■ **EXERCISE INSTRUCTIONS**
Which lines run from the start of the material below through the line containing "This broker is"? Retype them exactly, pictures excluded.

■ **DATA BLOCK**
=== Begin Enclosure ===

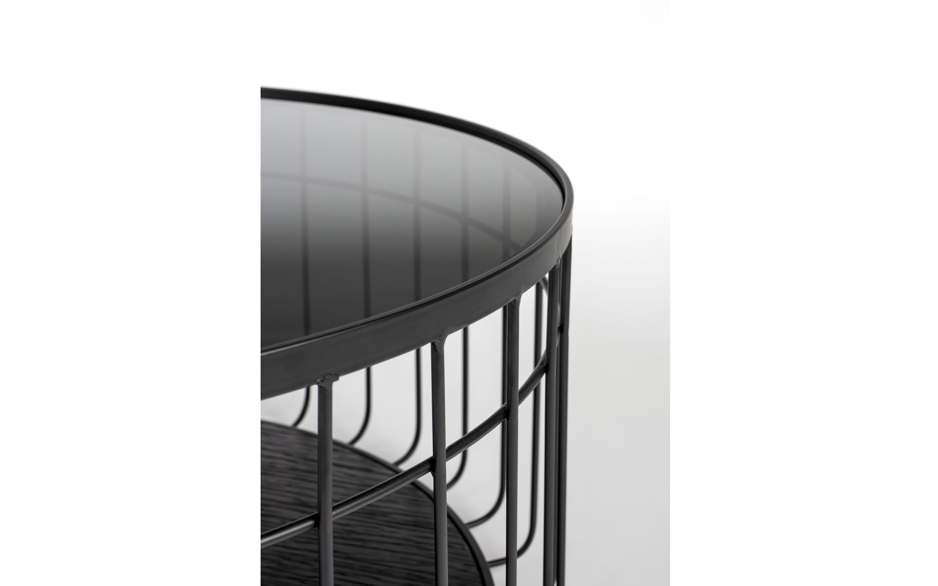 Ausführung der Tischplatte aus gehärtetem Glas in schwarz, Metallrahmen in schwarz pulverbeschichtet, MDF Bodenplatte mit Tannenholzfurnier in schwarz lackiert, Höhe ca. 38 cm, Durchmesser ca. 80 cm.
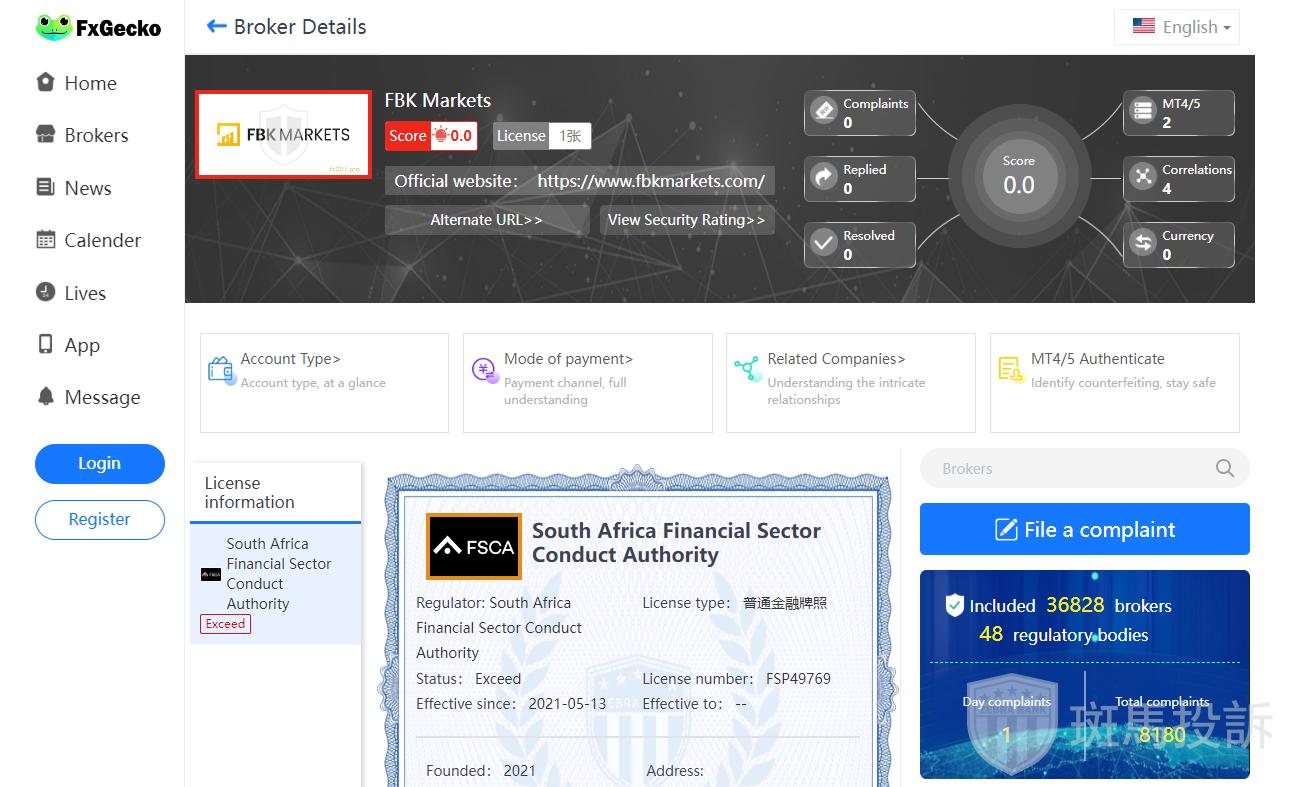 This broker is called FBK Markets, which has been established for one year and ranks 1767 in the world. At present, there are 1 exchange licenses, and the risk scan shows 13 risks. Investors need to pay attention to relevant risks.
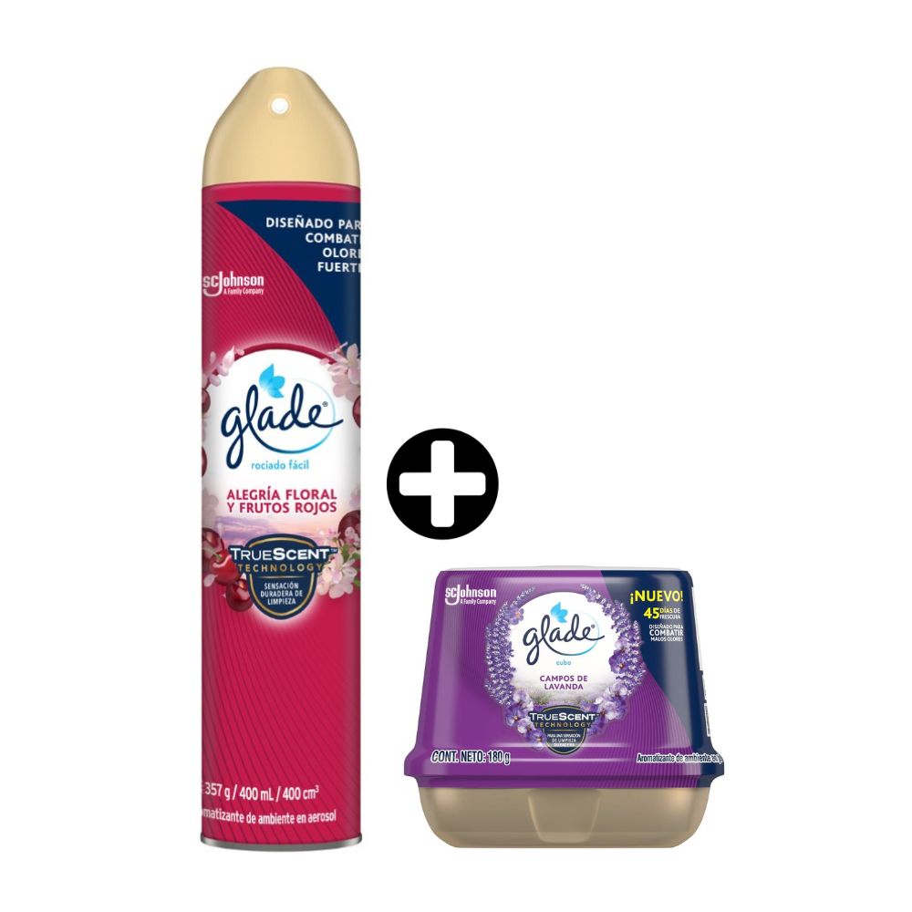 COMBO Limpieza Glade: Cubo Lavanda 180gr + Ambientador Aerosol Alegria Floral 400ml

=== End Enclosure ===

■ **SOLUTION TO THIS PROBLEM**
 Ausführung der Tischplatte aus gehärtetem Glas in schwarz, Metallrahmen in schwarz pulverbeschichtet, MDF Bodenplatte mit Tannenholzfurnier in schwarz lackiert, Höhe ca. 38 cm, Durchmesser ca. 80 cm.
 This broker is called FBK Markets, which has been established for one year and ranks 1767 in the world. At present, there are 1 exchange licenses, and the risk scan shows 13 risks. Investors need to pay attention to relevant risks.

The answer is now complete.